Members & roles
A board's members are the actors — humans and agents — who can see and work on it. Membership and role determine what each principal may do.
Actors
Everything that acts on a board is an Actor: a human or an agent. Both can be board members, both can be assigned/delegated work, both appear in pickers, and both act through the same domain layer. Every actor also carries a unique, lowercase handle (e.g. jane-doe) used to @mention them.
See Agents → Overview for the human-vs-agent distinction and capability flags.
Roles
Each member holds one role: admin > member > viewer.
| Role | Can |
|---|---|
viewer | read the board; watch cards; triage their own inbox |
member | everything a viewer can, plus create/edit/move/comment on cards |
admin | everything a member can, plus manage lists, labels, fields, members, webhooks, integrations, automations, and the board key |
The server refuses to remove or demote the last admin of a board (it would become unmanageable) — that returns a 400.
Managing members
Members are managed over REST (there is no MCP tool for membership — it is an administrative surface).

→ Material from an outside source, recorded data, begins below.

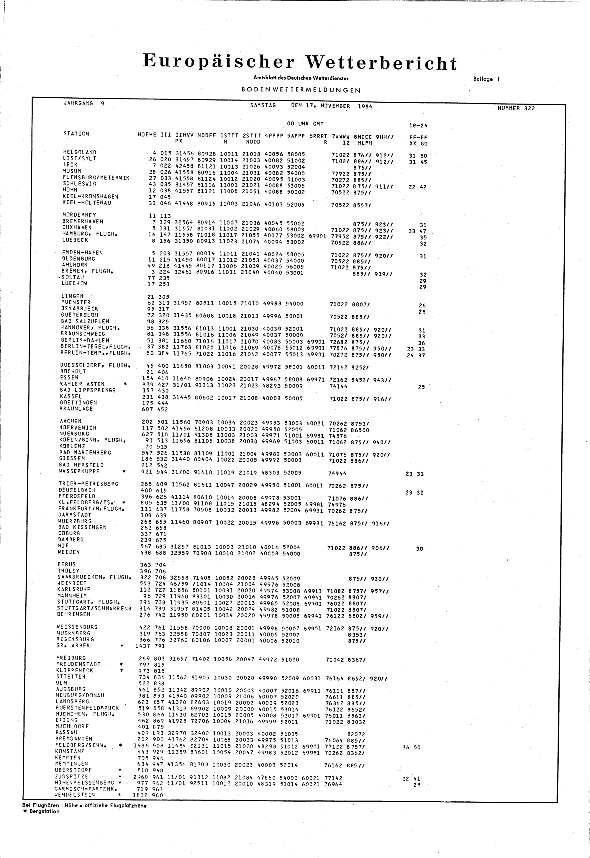 Europäischer Wetterbericht. Beilage 1, Bodenwettermeldungen. 1976-1994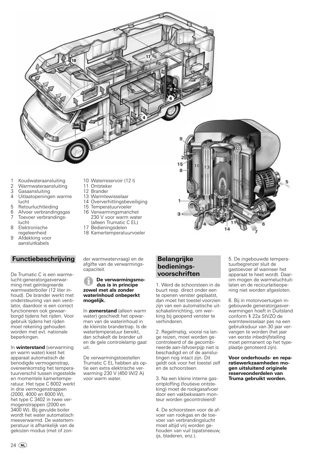 Koudwateraansluiting Warmwateraansluiting Gasaansluiting Uitlaatopeningen warme lucht Retourluchtleiding Afvoer verbrandingsgas Toevoer verbrandingslucht Elektronische regeleenheid Afdekking voor aansluitkabels Functiebeschrijving De Trumatic C is een warmelucht-generatorgasverwarming met geïntegreerde warmwaterboiler (12 liter inhoud). De brander werkt met ondersteuning van een ventilator, daardoor is een correct functioneren ook gewaarborgd tijdens het rijden. Voor gebruik tijdens het rijden moet rekening gehouden worden met evt. nationale beperkingen. In winterstand (verwarming en warm water) kiest het apparaat automatisch de benodigde vermogenstrap, overeenkomstig het temperatuurverschil tussen ingestelde en momentele kamertemperatuur. Het type C 6002 werkt in drie vermogenstrappen (2000, 4000 en 6000 W), het type C 3402 in twee vermogenstrappen (2000 en 3400 W). Bij gevulde boiler wordt het water automatisch meeverwarmd. De watertemperatuur is afhankelijk van de gekozen modus (met of zon24
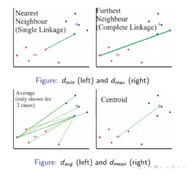 The most popular measures of distance between 2 clusters are: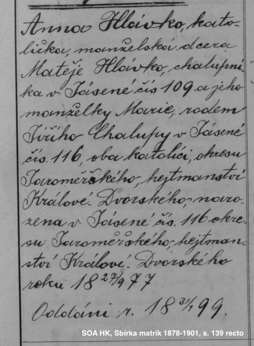Z matrik (SOA Hradec Králové, Sbírka matrik Východočeského kraje, matriky obce Jasenná a městečka České Meziřiří, dostupné online zde):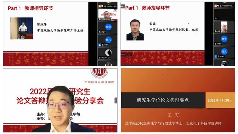 同学们都表示,“这次线上答辩组织有序,有条不紊,各位老师和答辩秘书配合良好,使我们得以顺利完成答辩。”功夫不负苦心人,在全体工作人员的通力合作下,本次答辩给师生带来了较好的体验与感受,也收获了诸多肯定,答辩同学纷纷表示感谢。军事法方向毕业生王伟栋同学在答辩顺利结束后感慨到:“在这样一个特别的情况下完成了线上答辩,算是给自己的硕士生涯画上了一个兵荒马乱又笃定圆满的句号。这是对我毕业论文和三年研究生生涯的答辩,也可能是离开母校前最后一次坐在老师们的课堂上。感谢学校和师弟师妹的筹备,让我在紧张的答辩情绪中多了一份安心,感谢老师们的提问和指正,更感谢我导一直以来的教导,在往后的学术和从业生涯里,我会一直抱有对法律问题的严谨求真精神,提高问题意识,紧跟法律前沿热点,定不忝列门墙。”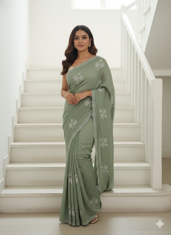 Fancy Soft and Light Weight Chiffon Embroidery and Stone Work Saree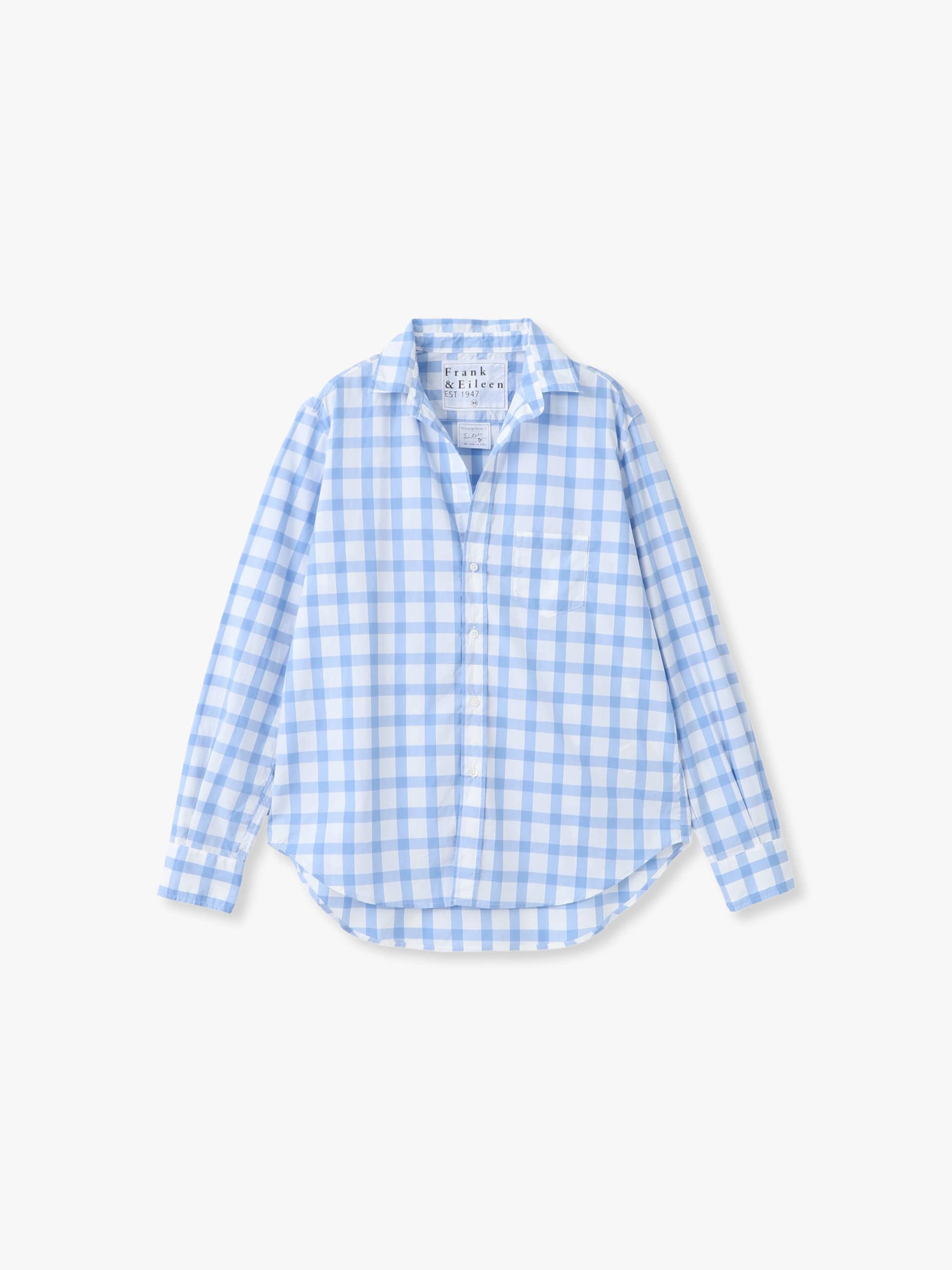 Frank&Eileen定番人気のアイリーンシャツは、やや長めの着丈と、ワイドすぎない程よいリラックス感のあるシルエットが特徴です。爽やかなライトブルーのギンガムチェック柄はコーディネートのポイントとなり、羽織としても重宝します。Frank&Eileenのその他のアイテムもございます。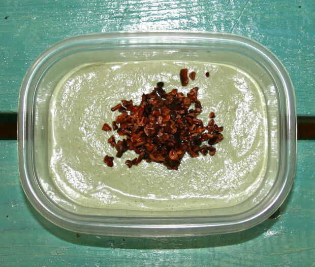 Primero debe remojar un puñado de semillas de cacao crudo durante la noche. Esto hará que el postre mucho más apetecible que las semillas son muy duras si no remojan. A continuación, picar para arriba algunos menta fresca hojas y mezcla en su base de anacardos sin congelar "helado" (utilicé las hojas de tallos de 2 para 1 taza) junto con una pizca de polvo de spirulina (es un verde más brillante.) Por último añadir tus semillas de cacao, remover y congelación.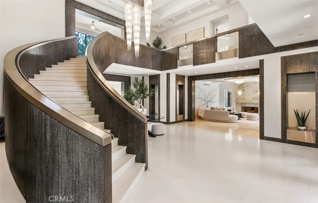 Situated within the prestigious guard-gated community of Pelican Crest, this remarkable custom estate offers approximately 10,310 square feet of refined modern European living, seamlessly blending timeless architecture with contemporary sophistication. Beyond the grand double glass-and-iron entry doors, a dramatic two-story foyer with a sweeping floating staircase and French limestone flooring sets the tone for the home’s exceptional transitional design. Light-filled formal and casual spaces flow effortlessly, including a formal dining room with access to the grounds and a gourmet chef’s kitchen appointed with Viking and Miele appliances, custom cabinetry, and elegant stone surfaces. The great room, anchored by a striking onyx fireplace and sophisticated wet bar, opens through three sets of French doors to the resort-like backyard, creating a natural extension of indoor and outdoor living.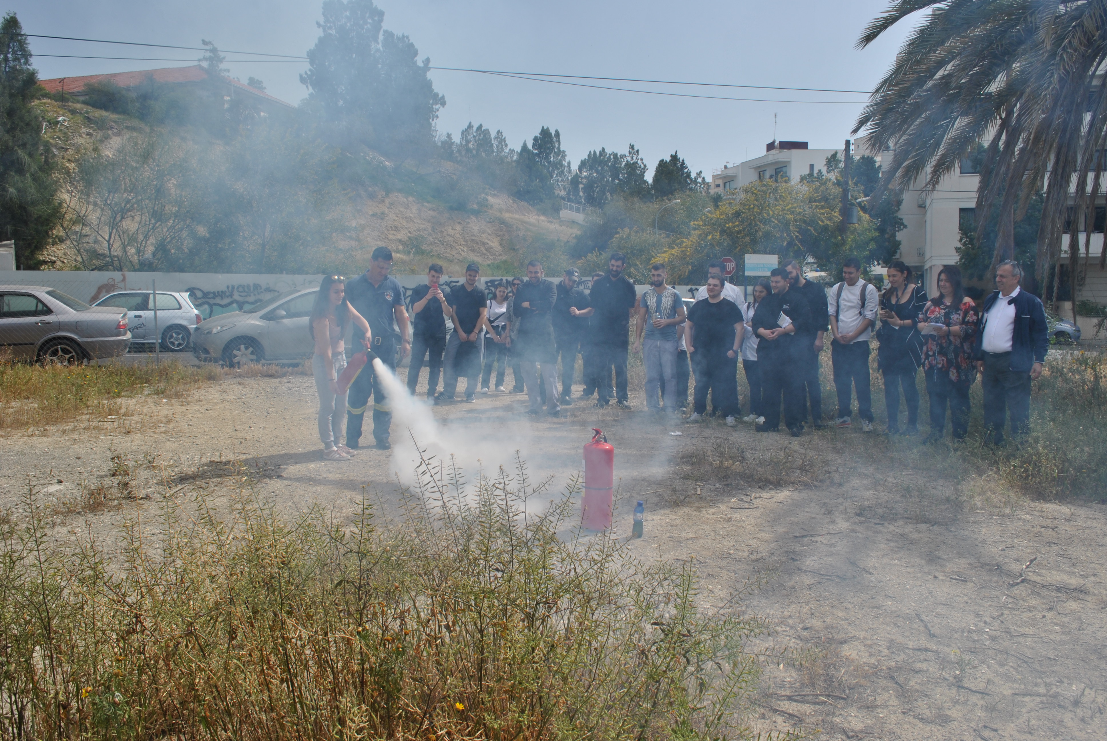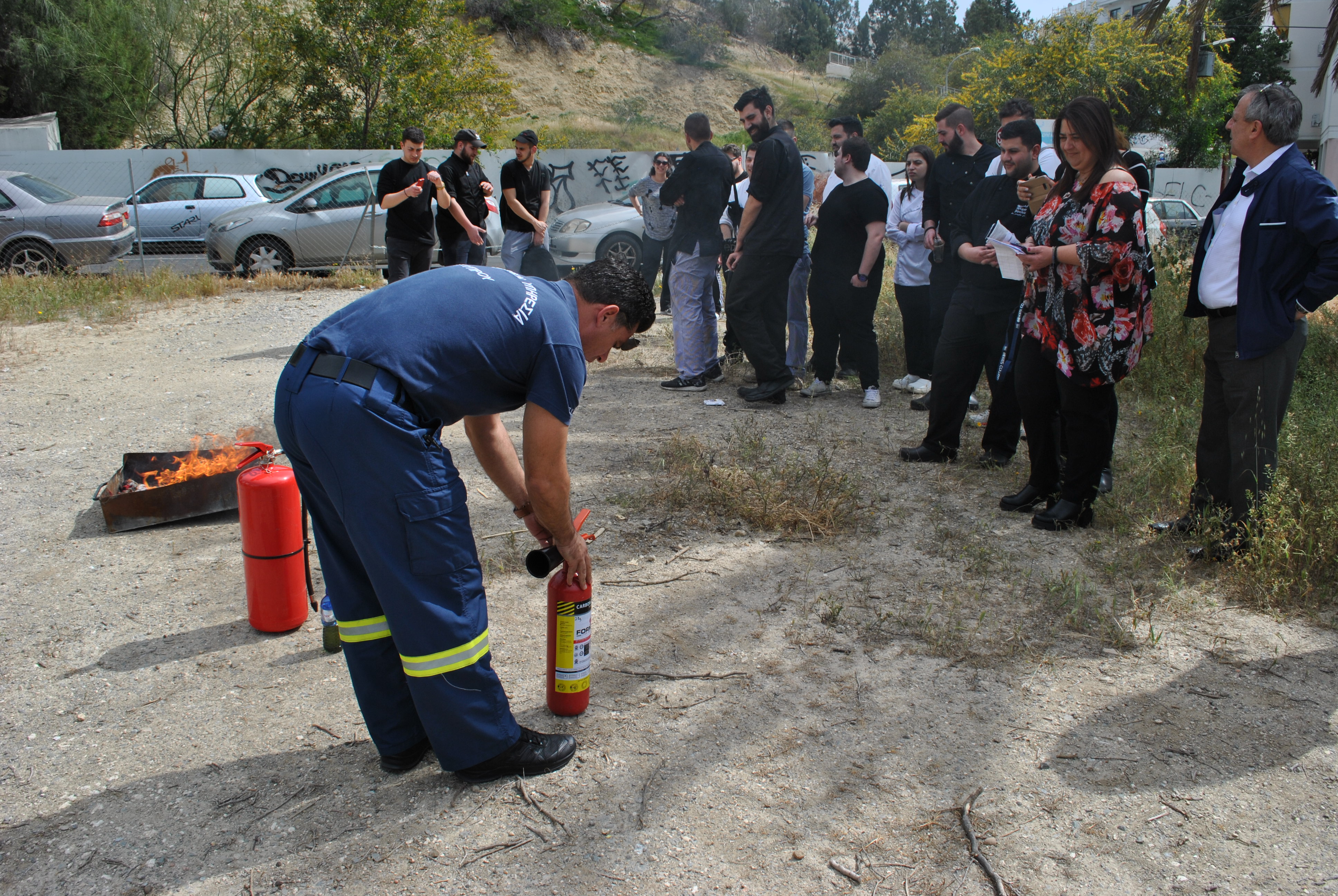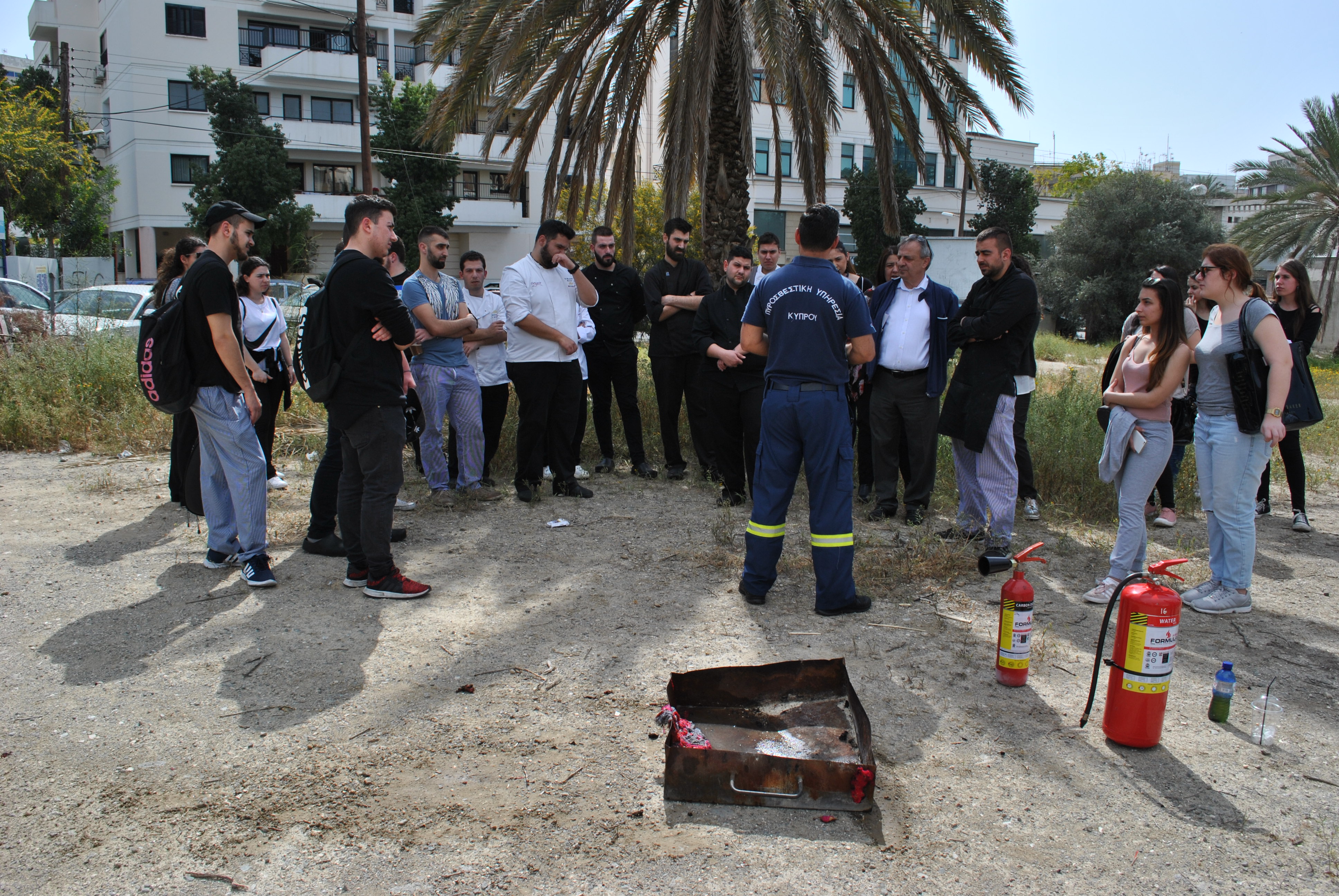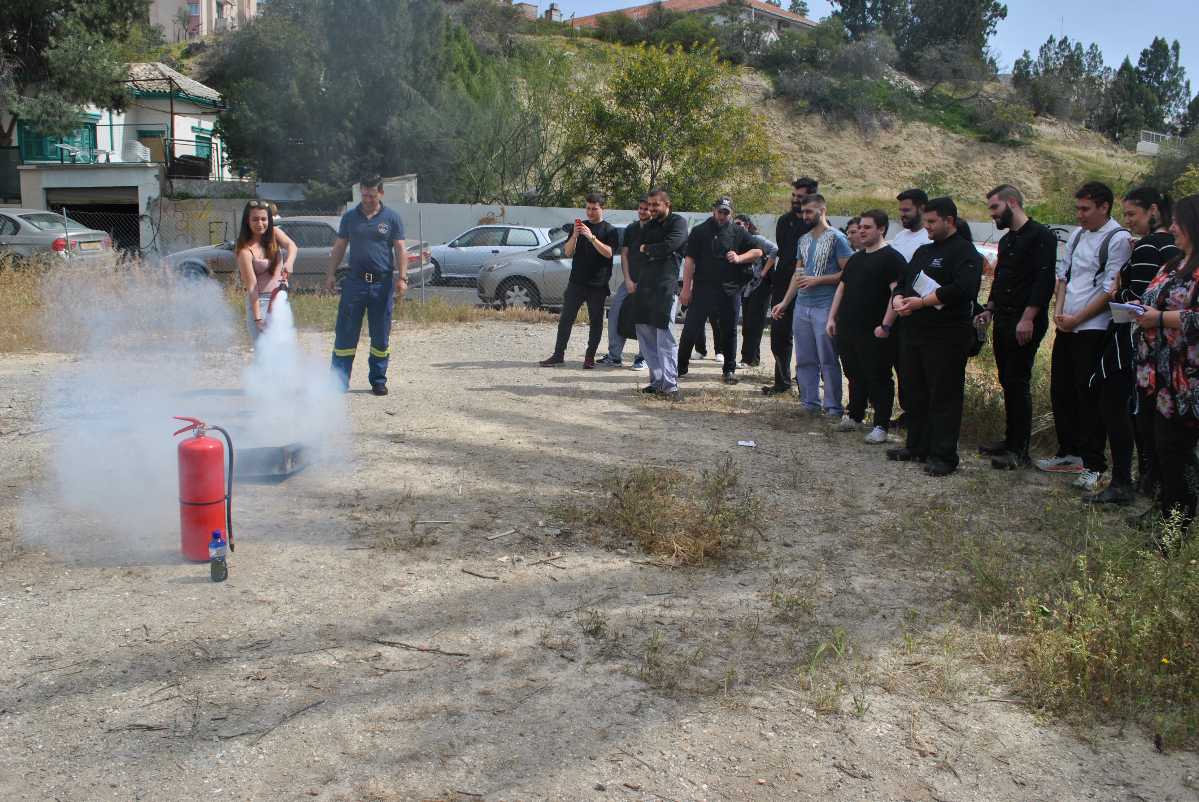 Πέραν της θεωρίας, ακολούθησε πρακτική άσκηση όπου ο κ. Τύλληρος παρουσίασε στους φοιτητές τη χρήση και τα είδη (διοξειδίου του άνθρακα και νερού ) των πυροσβεστήρων στην πράξη και σε ποια απόσταση πρέπει να βρίσκονται από τη φωτιά για να την κατασβήσουν αποτελεσματικά.

Listing requires read access; mutations require board admin (and, for API tokens, the members:write scope).
- Add a member: invite a human by
email, or add a known actor (e.g. an agent) byactorId. Re-adding updates the role (upsert). - Change a member's role.
- Remove a member.
Each change appends a member.added / member.role_changed / member.removedactivity, so membership changes fan out over WebSocket and webhooks like any other mutation.
See the OpenAPI reference for the exact /api/boards/:id/members endpoints, or the agent-facing walkthrough in Agents → REST.
Comments & @mentions
Any member with write access can comment on a card. Writing @handle of a board member in a comment body or a card description mentions them: it appends a comment.mentioned / card.mentioned activity carrying the mentioned actor ids, and routes a notification to their inbox. Mentioning a mentionable agent can additionally open a work session — the natural way to hand an agent a task by name. Mentions of non-members are silently ignored.